A Systematic Extraction Approach for Mapping Glacial Lakes in High Mountain Regions of Asia

Glacial lakes are highly sensitive indicators of global climate change. The accurate extraction of glacial lakes from image data is of great importance to the evaluation of the hydrological environment in high mountain regions. This paper demonstrates a systematic approach—TSCV (threshold and simplified C-V)—that integrates the advantages of the threshold segmentation method and the active contour model to improve the effect of glacial lake extraction, by overcoming the problems involved in the efficient extraction of small, overlooked glacial lakes and in the removal of some mountain shadows.
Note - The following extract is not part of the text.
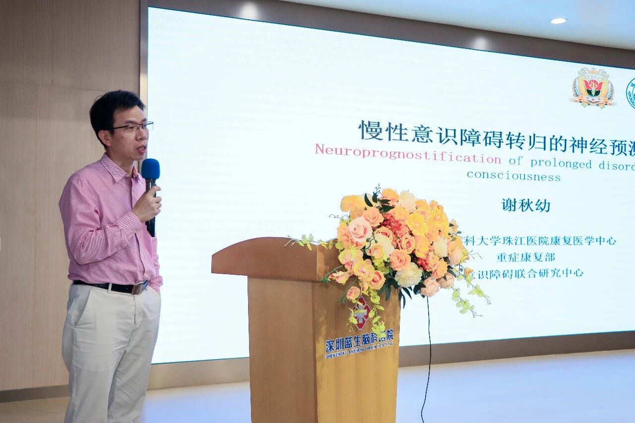 11月2日下午,深圳藍生腦科醫(yī)院昏迷促醒中心揭牌儀式暨慢性意識障礙診療新進展研討會成功舉辦。會議特邀北京天壇醫(yī)院神經(jīng)外科中心意識障礙外科主任、國家重點研發(fā)計劃首席專家、中國神經(jīng)科學學會意識與意識障礙分會主任委員、中國康復(fù)醫(yī)學會顱腦創(chuàng)傷康復(fù)分會主任委員何江弘,南方醫(yī)科大學珠江醫(yī)院康復(fù)醫(yī)學中心重癥康復(fù)部主任謝秋幼,東莞市石排醫(yī)院神經(jīng)外科學科帶頭人孟兵,深圳市第二人民醫(yī)院神經(jīng)內(nèi)科主任徐格林,深圳市第二人民醫(yī)院神經(jīng)外科重癥監(jiān)護病區(qū)主任黃賢鍵,中山大學附屬第八醫(yī)院腦血管病科主任羅斌,深圳市第二人民醫(yī)院神經(jīng)外科癲癇專業(yè)組負責人姚晨,深圳市人民醫(yī)院龍華分院ICU主任張華東,深圳市龍華中心醫(yī)院神經(jīng)外科主任云強等國內(nèi)神經(jīng)外科、神經(jīng)內(nèi)科及重癥醫(yī)學領(lǐng)域知名專家,共同探討慢性意識障礙診療的最新進展,并見證醫(yī)院昏迷促醒中心的正式成立。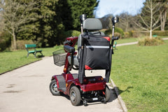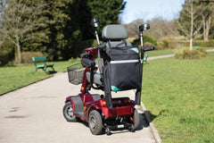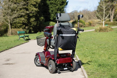 This strong durable bag is ideal for any wheelchair and most scooters with or without a headrest. There are two side sleeves to place crutches or walking sticks. It has one main compartment, a small zipped front pocket and a front net pocket. There is a reflective strip for safety.

Three typical areas of glacial lake development in High Asia were selected for glacial lake extraction from Landsat-8 imagery and the results were then compared with those obtained using the threshold segmentation method and the fuzzy clustering method (FCM). The values of the kappa coefficient (KC) and average extraction accuracy (AEA) shows that the TSCV (KC = 0.895, AEA = 0.739) performed superior than other two methods, especially for the small glacial lakes, but also that the threshold segmentation method (KC = 0.869, AEA = 0.631) requires the least time and that the FCM (KC = 871, AEA = 0.663) has the lowest commission error. Our findings lead to a new approach to improve the accuracy of glacial lake extraction in situation where a large proportion of the lakes are small and with a potential for automated glacial lake mapping in rugged mountain areas at a large scale.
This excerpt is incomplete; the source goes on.